The cubic $x^3+ax^2+bx+c$ has three distinct zeros in GP and the reciprocal of these zeros are in AP then prove that $2b^2+3ac=0$

Question

I tried to solve this question: first assuming the zeros to be $m$, $mr$ and $mr^2$ in G.P. so that $\frac{1}{m}$, $\frac{1}{mr}$ and $\frac{1}{mr^2}$ in A.P.; then by solving it like $\frac{1}{mr}-\frac{1}{m}=\frac{1}{mr^2}-\frac{1}{mr}.$ Simplifying it we obtain $r=1$.
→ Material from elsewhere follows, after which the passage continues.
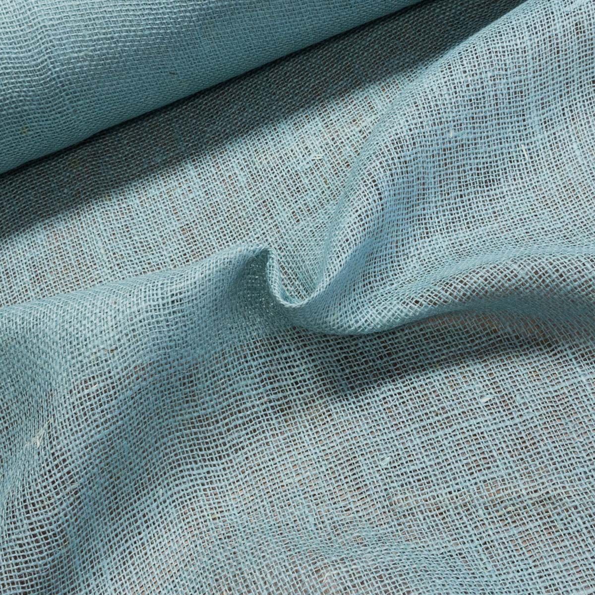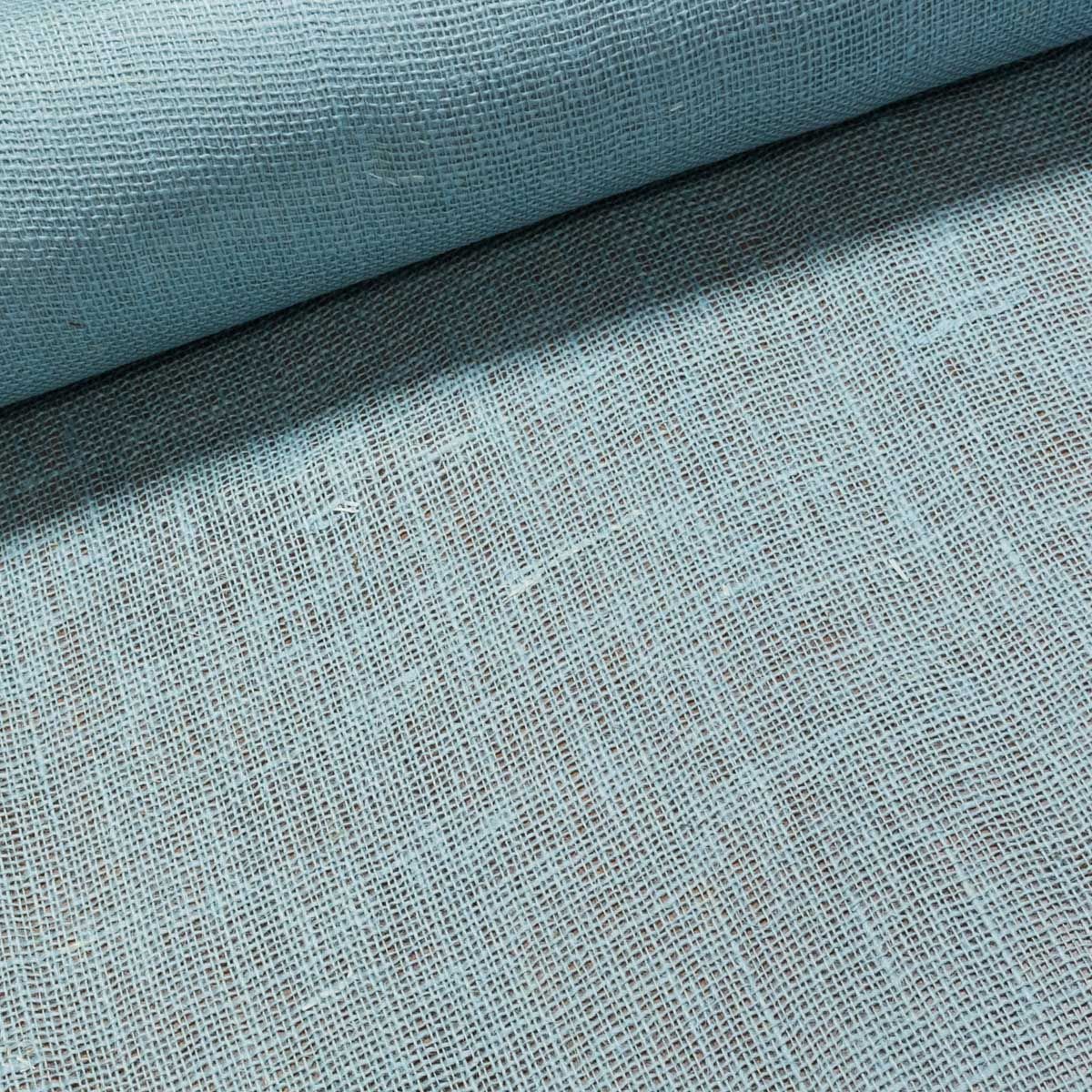 Juta (pytlovina) v jednobarevné světle modré barvě. Přírodní jutu lze využít jako dekorační látku (pytle, dárkové pytlíč...

Then $$a= -(m+mr+mr^2)=-3m$$ $$b= m^2r+m^2r^2+m^2r^3=3m^2$$ $$c= -m^3r^3=-m^3$$ Then I put this value in the equation $2b^2+3ac$: $$2(3m^2)^2+3(-3m)(-m^3)=18m^4+9m^4=27m^4$$

So I am thinking it's a misprint and question was supposed to be: prove that $2b^2-3ac=0$.

Answer 1

As commented by @SouravGosh, since the zeros are assumed to be distinct, $r$ cannot be $1.$ So, "think outside the box": the central term of the arithmetic progression must not correspond to the central term of your geometric progression $m,mr,mr^2,$ i.e. what we have is not $\frac2{mr}=\frac1m+\frac1{mr^2}$ but (wlog): $$\frac2{mr^2}=\frac1m+\frac1{mr}.$$ The solution $\ne1$ is $$r=-2,$$ and $$2b^2+3ac=2(-6m^2)^2+3(-3m)(8m^3)=0.$$

Answer 2

Since $1/(1/x) = 1$, we can rephrase the problem to let the roots be in AP: $m - k, m, m + k$ and their reciprocals $\frac{1}{m - k}, \frac{1}{m}, \frac{1}{m + k}$ to be in GP.
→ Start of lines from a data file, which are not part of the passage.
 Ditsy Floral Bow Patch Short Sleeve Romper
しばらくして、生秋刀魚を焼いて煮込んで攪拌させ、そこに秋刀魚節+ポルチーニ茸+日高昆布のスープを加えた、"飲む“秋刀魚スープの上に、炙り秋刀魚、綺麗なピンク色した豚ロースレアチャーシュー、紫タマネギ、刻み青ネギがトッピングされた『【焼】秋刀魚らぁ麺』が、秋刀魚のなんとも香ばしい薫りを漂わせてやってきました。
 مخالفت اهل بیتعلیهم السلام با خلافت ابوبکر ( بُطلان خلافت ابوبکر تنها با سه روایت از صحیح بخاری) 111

Now if $a, b, c$ are in GP, $\frac{b}{a} = \frac{c}{b} \implies b^2 = ac$. This means we could have $\frac{1}{m - k} \frac{1}{m + k} = \frac{1}{m^2}$, or that $m^2 - k^2 = m^2$ where $k = 0$, and hence the $3$ roots would all be the same, which is invalid.

We also could have: $$\frac{1}{m(m -k)} = \frac{1}{(m + k)^2} \implies m^2 - mk = m^2 + 2mk + k^2 \implies -3mk = k^2 \implies k = -3m.$$

as $k \ne 0$. Note that the last case $\frac{1}{m(m + k)} = \frac{1}{(m - k)^2}$ is equivalent to the case before with $k \mapsto -k$, and $k$ could be anything except $0$.

Hence our roots are $4m, m, -2m$ and $2b^2 + 3ac = 0$ as previously mentioned.